Policiano et al. in 2014 by ultrasonography before birth showed that the APD 10 mm is strongly associated with surgery (41). In 2014, Vemulakonda et al. reported that all fetuses with any gestational age and renal pelvis diameter greater than or equal to 10 mm are known as severe PNH and need careful follow-up (18). In the article written by Safai Asl and Maleknejad the authors showed that cutoff point of APD is 10 mm in 20 weeks gestational age, 12 mm in 30 weeks gestational age, and 15 mm postnatal had most communication with the next pyeloplasty (42). Study on 178 PNHs showed that specific cutoff point 15 mm indicates the surgical pyeloplasty (2). Tombesi and Alconcher considered mild PNH and concluded only 1.5% of patients required surgery treatment (17). In the same paper, these percentages are respectively 70% and 2.4% (43). The authors, in the paper entitled “Incidence and outcomes of antenatally detected congenital hydronephrosis” reported that the best predictor, for incurable PNH and the possibility of underlying pathology (such as anatomic abnormalities) in postnatal anteroposterior diameter equal to 5 mm had a sensitivity of 83%, equal to 7 mm had a sensitivity of 88% and 10 mm had a sensitivity of 94% (20).

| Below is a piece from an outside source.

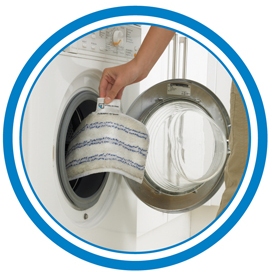 Terminata la pulizia il panno in microfibra si rimuove con un semplice gesto del piede e va direttamente in lavatrice a 30°. E' riutilizzabile fino a 100 volte!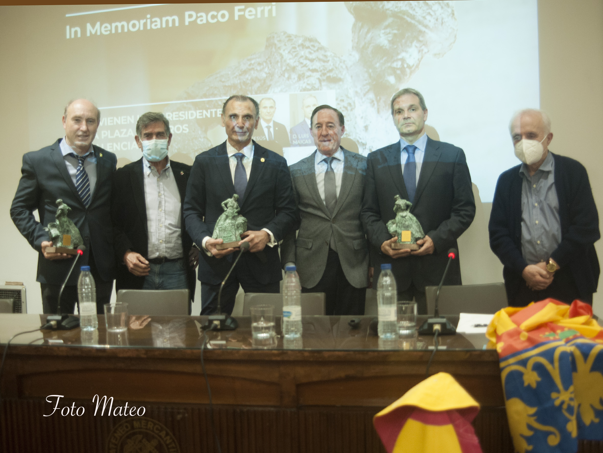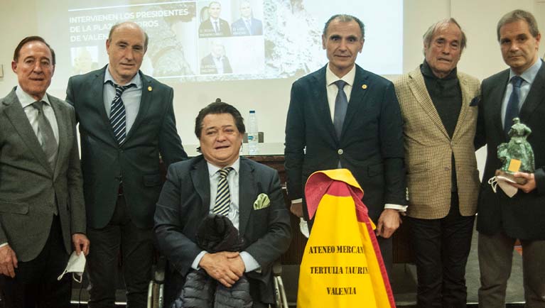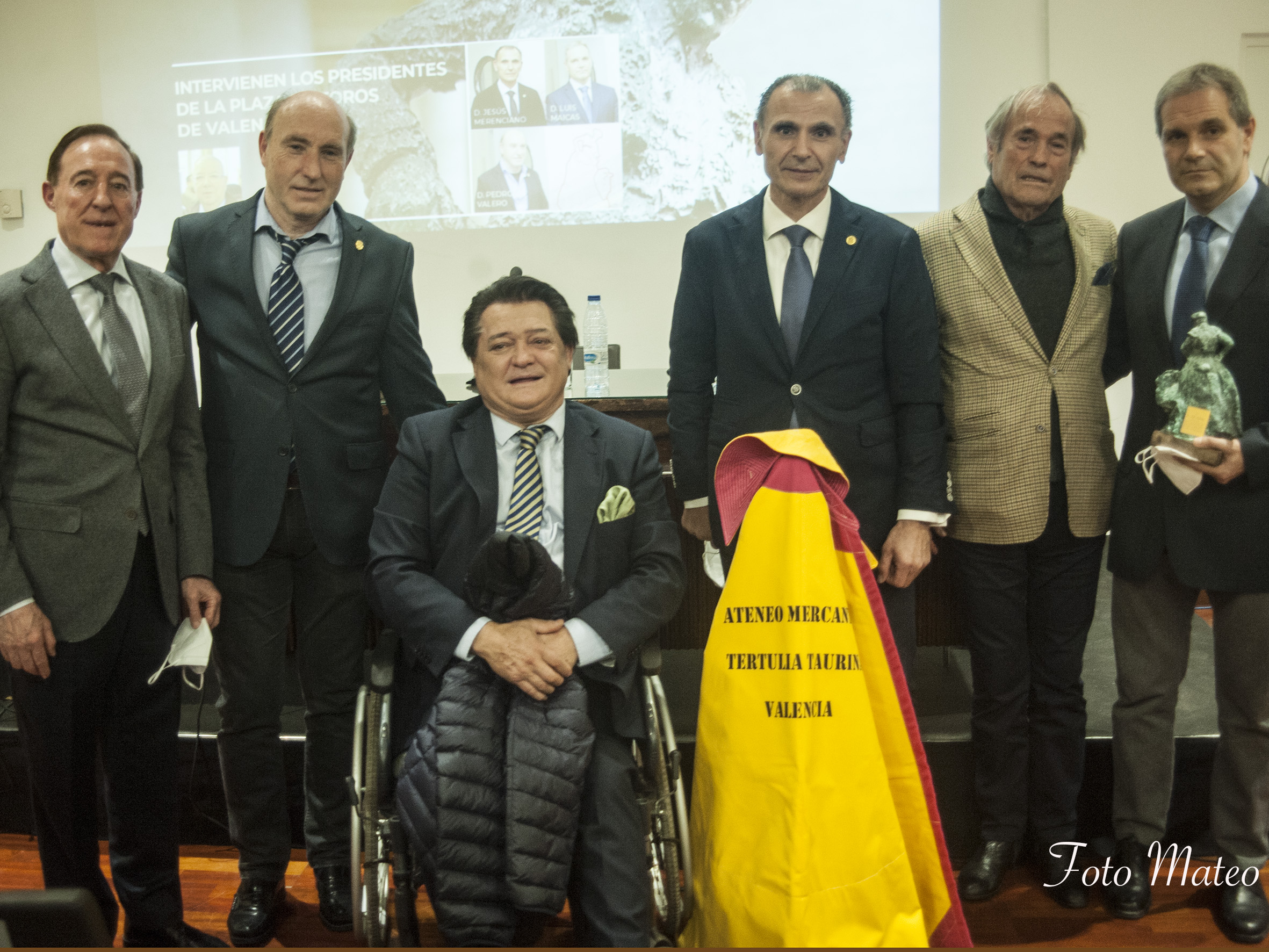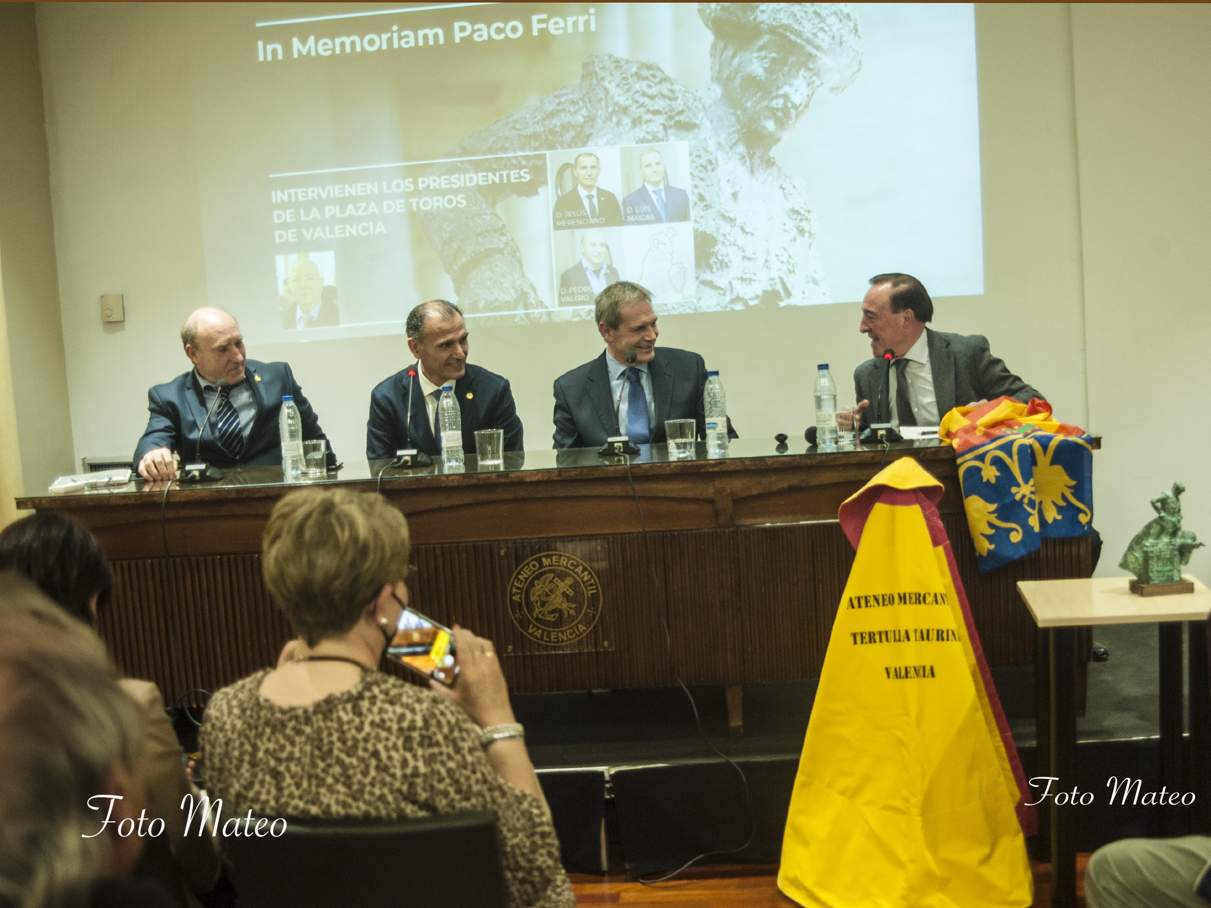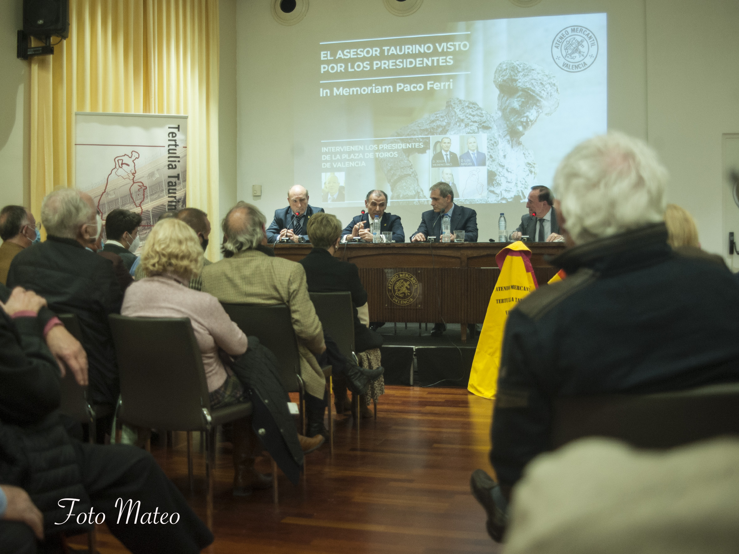 Después de un breve video en el que Paco Ferri, asesor taurino, tertuliano y amigo, fallecido el 7 de febrero, explica cómo la afición a los toros fue decisiva para superar los graves problemas de su vida, ocuparon la mesa presidencial Jesús Merenciano, Luis Maicas y Pedro Valero, presidentes de la Plaza de Toros de Valencia, y Paco Roger, portavoz y coordinador de la Tertulia Taurina del Ateneo Mercantil de Valencia.

Mudrik-Zohar et al. in an article stated that APD > 14 mm is the best cutoff point for surgery with sensitivity of 77% and specificity of 69%, using the ROC curve 0.817 (44).
In the present study, 200 PNH cases were enrolled, the best APD leading to surgical treatment was15 mm with the sensitivity of 88% and specificity of 74% (Figure 3).
Figure 3.
Sensitivity and Specificity of Cutoff Point of Renal Pelvis APD Leading to Surgical Intervention
5.1. Conclusions
As PNH is an asymptomatic disease in early stages of life and its screening with US is very important, we showed an APD cutoff about 15 mm in the first week after birth in US is the most leading issue to a surgical outcome, thus less than that point means to have a successful conservative therapy.